**Extracted information**

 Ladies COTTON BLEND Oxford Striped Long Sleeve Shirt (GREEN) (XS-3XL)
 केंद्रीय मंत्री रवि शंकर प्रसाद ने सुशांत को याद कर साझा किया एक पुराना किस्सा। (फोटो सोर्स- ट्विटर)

---

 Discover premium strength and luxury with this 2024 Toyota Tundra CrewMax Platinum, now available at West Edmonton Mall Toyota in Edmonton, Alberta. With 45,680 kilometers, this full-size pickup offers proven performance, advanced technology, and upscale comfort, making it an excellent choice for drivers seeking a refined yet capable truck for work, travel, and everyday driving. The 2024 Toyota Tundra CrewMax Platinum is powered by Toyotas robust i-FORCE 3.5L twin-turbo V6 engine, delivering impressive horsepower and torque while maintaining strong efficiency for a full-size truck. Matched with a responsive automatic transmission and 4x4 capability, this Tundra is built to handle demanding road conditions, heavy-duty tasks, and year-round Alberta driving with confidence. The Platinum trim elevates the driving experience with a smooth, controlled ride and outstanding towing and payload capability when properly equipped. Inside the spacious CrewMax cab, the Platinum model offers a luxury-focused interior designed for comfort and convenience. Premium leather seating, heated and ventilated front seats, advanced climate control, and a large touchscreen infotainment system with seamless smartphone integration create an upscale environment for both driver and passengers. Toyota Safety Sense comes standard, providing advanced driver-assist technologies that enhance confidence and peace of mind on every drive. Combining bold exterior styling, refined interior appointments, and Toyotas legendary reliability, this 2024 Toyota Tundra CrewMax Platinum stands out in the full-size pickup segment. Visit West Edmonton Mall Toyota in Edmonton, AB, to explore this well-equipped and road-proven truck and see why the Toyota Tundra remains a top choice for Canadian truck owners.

--

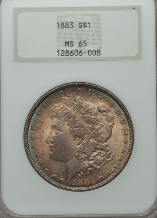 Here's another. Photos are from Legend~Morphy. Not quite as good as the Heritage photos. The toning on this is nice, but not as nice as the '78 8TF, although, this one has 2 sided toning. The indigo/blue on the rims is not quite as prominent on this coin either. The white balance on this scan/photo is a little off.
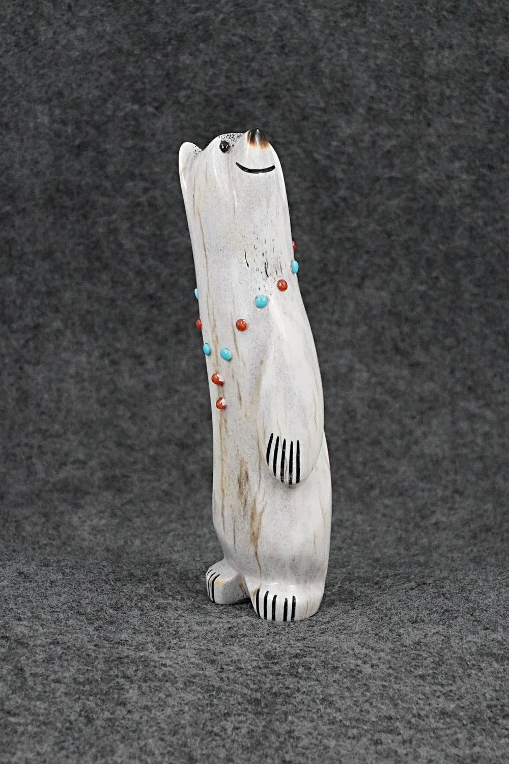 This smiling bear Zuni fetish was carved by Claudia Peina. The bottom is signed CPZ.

**What is needed**
With pictures excluded, reproduce exactly the lines above from the one containing "Here's another. Photos" down to the one containing "This smiling bear", those two included.

**Answer space**
 Here's another. Photos are from Legend~Morphy. Not quite as good as the Heritage photos. The toning on this is nice, but not as nice as the '78 8TF, although, this one has 2 sided toning. The indigo/blue on the rims is not quite as prominent on this coin either. The white balance on this scan/photo is a little off.
 This smiling bear Zuni fetish was carved by Claudia Peina. The bottom is signed CPZ.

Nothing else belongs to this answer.